Your goal =>
Output all the data exactly. Pictures do not belong in the copy.

Information shown =>
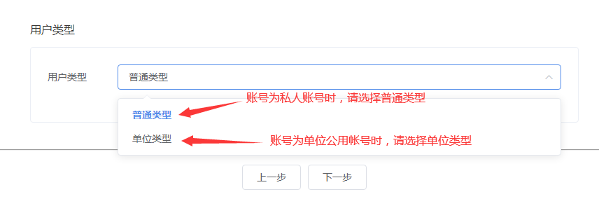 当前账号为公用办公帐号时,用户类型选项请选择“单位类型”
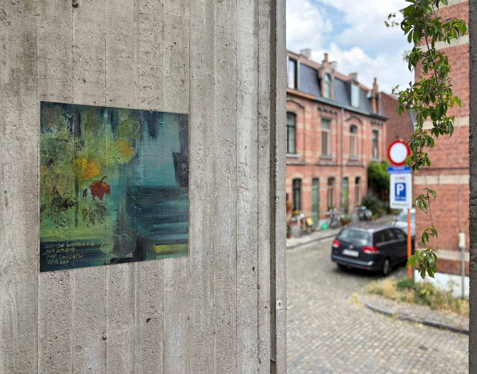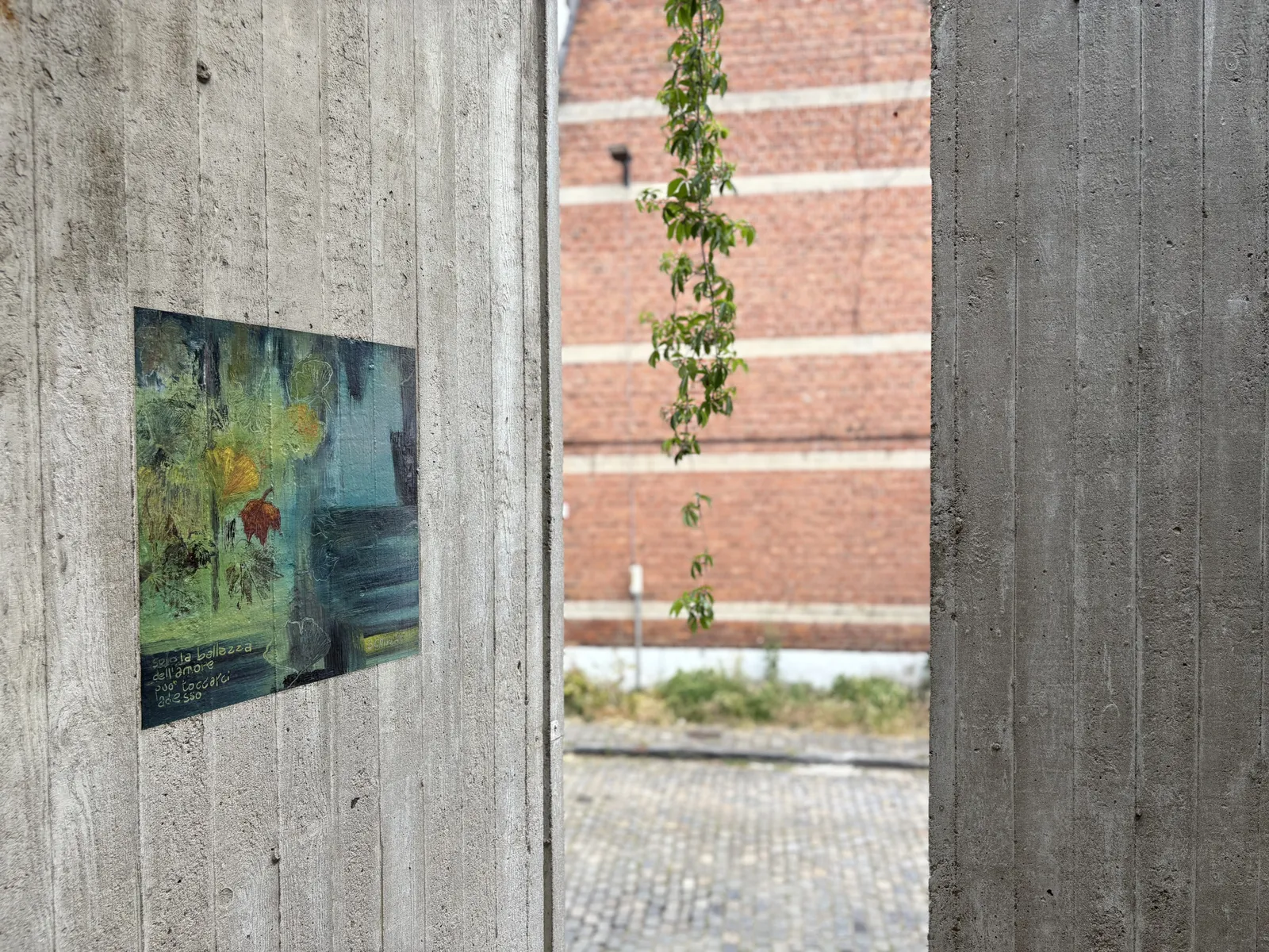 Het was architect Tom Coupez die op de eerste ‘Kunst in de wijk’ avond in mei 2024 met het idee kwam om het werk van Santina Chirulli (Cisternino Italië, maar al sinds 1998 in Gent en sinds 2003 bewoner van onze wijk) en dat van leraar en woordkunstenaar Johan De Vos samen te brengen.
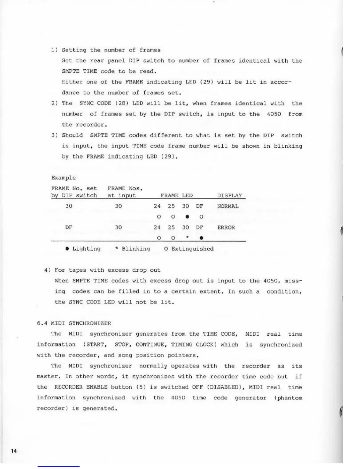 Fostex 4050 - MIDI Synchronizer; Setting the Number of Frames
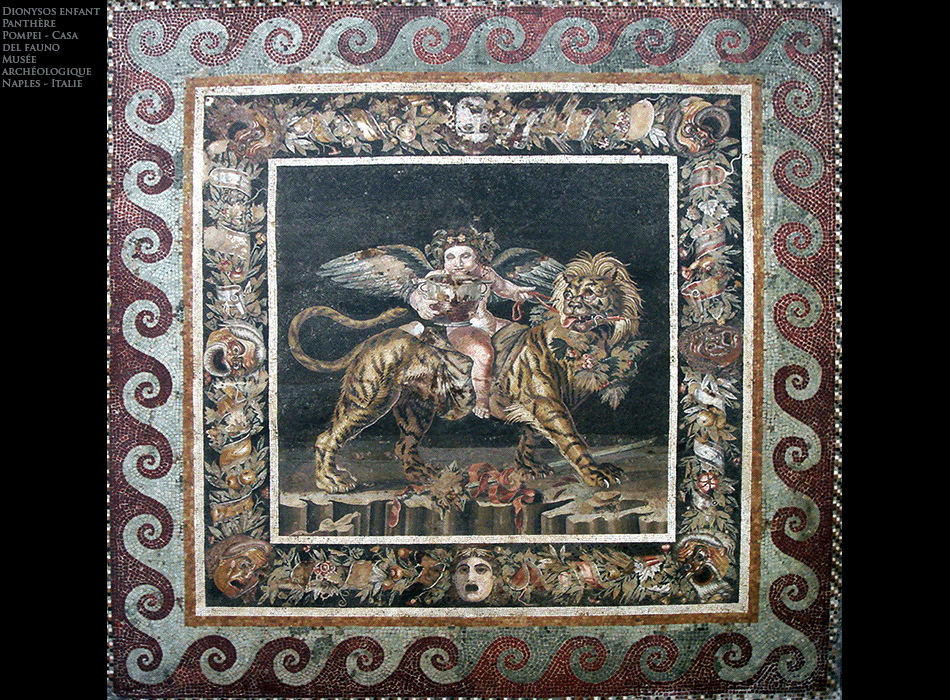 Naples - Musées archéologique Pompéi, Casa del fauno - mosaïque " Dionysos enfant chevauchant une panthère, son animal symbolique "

Answer to the exercise =>
 当前账号为公用办公帐号时,用户类型选项请选择“单位类型”
 Het was architect Tom Coupez die op de eerste ‘Kunst in de wijk’ avond in mei 2024 met het idee kwam om het werk van Santina Chirulli (Cisternino Italië, maar al sinds 1998 in Gent en sinds 2003 bewoner van onze wijk) en dat van leraar en woordkunstenaar Johan De Vos samen te brengen.
 Fostex 4050 - MIDI Synchronizer; Setting the Number of Frames
 Naples - Musées archéologique Pompéi, Casa del fauno - mosaïque " Dionysos enfant chevauchant une panthère, son animal symbolique "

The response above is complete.